Ballard's final of the 17 appearances The Supremes made on the hit CBS variety television program The Ed Sullivan Show was on an episode where she performed this song live from Expo 67 in Montréal on Sunday, May 7, 1967, going to number 1 the same week.

Billboard described the single as being "in the good-time rhythm music bag" as "the trio changes pace with this
classy performance of the new film theme." Cash Box called the single a "light, bouncy, up-tempo, romp" that is a "sure fire chart topper." Record World described it as "a bright, bouncy, lively number about the fickle finger of fate and love."

==Personnel==
- Lead vocals by Diana Ross
- Background vocals by Florence Ballard and Mary Wilson
- Instrumentation by the Funk Brothers and/or the Wrecking Crew (see above)
  - James Jamerson – bass

==Charts==

===Weekly charts===

| Chart (1967) | Peak position |
|---|---|
| Australia (Billboard) | 3 |
| Australia (Go-Set) | 7 |
| Australia (Kent Music Report) | 5 |
| Belgium (Ultratop 50 Wallonia) | 46 |
| Canada Top Singles (RPM) | 2 |
| Holland (Billboard) | 6 |
| Holland (Cash Box) | 4 |
| Ireland (IRMA) | 10 |
| Malaysia (Billboard) | 7 |
| Netherlands (Dutch Top 40) | 5 |
| Netherlands (Single Top 100) | 5 |
| New Zealand (Listener) | 14 |
| Sweden (Kvällstoppen) | 12 |
| Switzerland (Billboard) | 9 |
| UK Singles (Official Charts) | 6 |
| UK R&B (Record Mirror) | 2 |
| US Billboard Hot 100 | 1 |
| US Hot R&B/Hip-Hop Songs (Billboard) | 12 |
| US Cashbox Top 100 | 1 |
| US Record World 100 Top Pops | 1 |
| US Record World Top 50 R&B | 15 |

===Year-end charts===

| Chart (1967) | Rank |
|---|---|
| Australia (Kent Music Report) | 47 |
| Canada Top Singles (RPM) | 44 |
| Japan Foreign Hits (Billboard) | 5 |
| Netherlands (Dutch Top 40) | 61 |
| UK Singles (OCC) | 51 |
| US Billboard Hot 100 | 29 |
| US Cashbox Top 100 | 23 |

==Certifications==

| Region | Certification | Certified units/sales |
|---|---|---|
| United States | — | 1,000,000 |

==Other versions==
"The Happening" was an instrumental hit for Herb Alpert & the Tijuana Brass in 1967 making number 32 on the Billboard chart.

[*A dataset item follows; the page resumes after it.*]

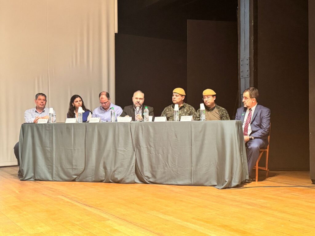 Com objetivo de promover o diálogo regional e fortalecer a atuação conjunta na proteção dos recursos hídricos de 62 municípios que integram a bacia dos rios Piracicaba, Capivari e Jundiaí (PCJ), representantes da Prefeitura de Piracicaba participaram hoje, 15/05, de reunião do Grupo de Fiscalização Integrada das Águas do Rio Tietê (GFI-Tietê), promovida pela Secretaria de Estado do Meio Ambiente, Infraestrutura e Logística (Semil/SP), no Teatro Erotídes de Campos, no Engenho Central. Representou o prefeito Helinho Zanatta, o secretário-executivo de Meio Ambiente, Edson Marcus Bucci. Também esteve presente Natássia Bonini Vidas, gerente ambiental do Semae, que representou Ronald Pereira, presidente da autarquia.

There is a Spanish version of the song recorded by the Spanish group Greta y los Garbo in 1990 entitled ¡Menuda fiesta! The song is included in an album of the same name and It was a huge commercial success in Spain.

The Swedish singer Siw Malmkvist recorded a Swedish cover named "En Hipp Häpp Happening" September 1967

==See also==
- List of Hot 100 number-one singles of 1967 (U.S.)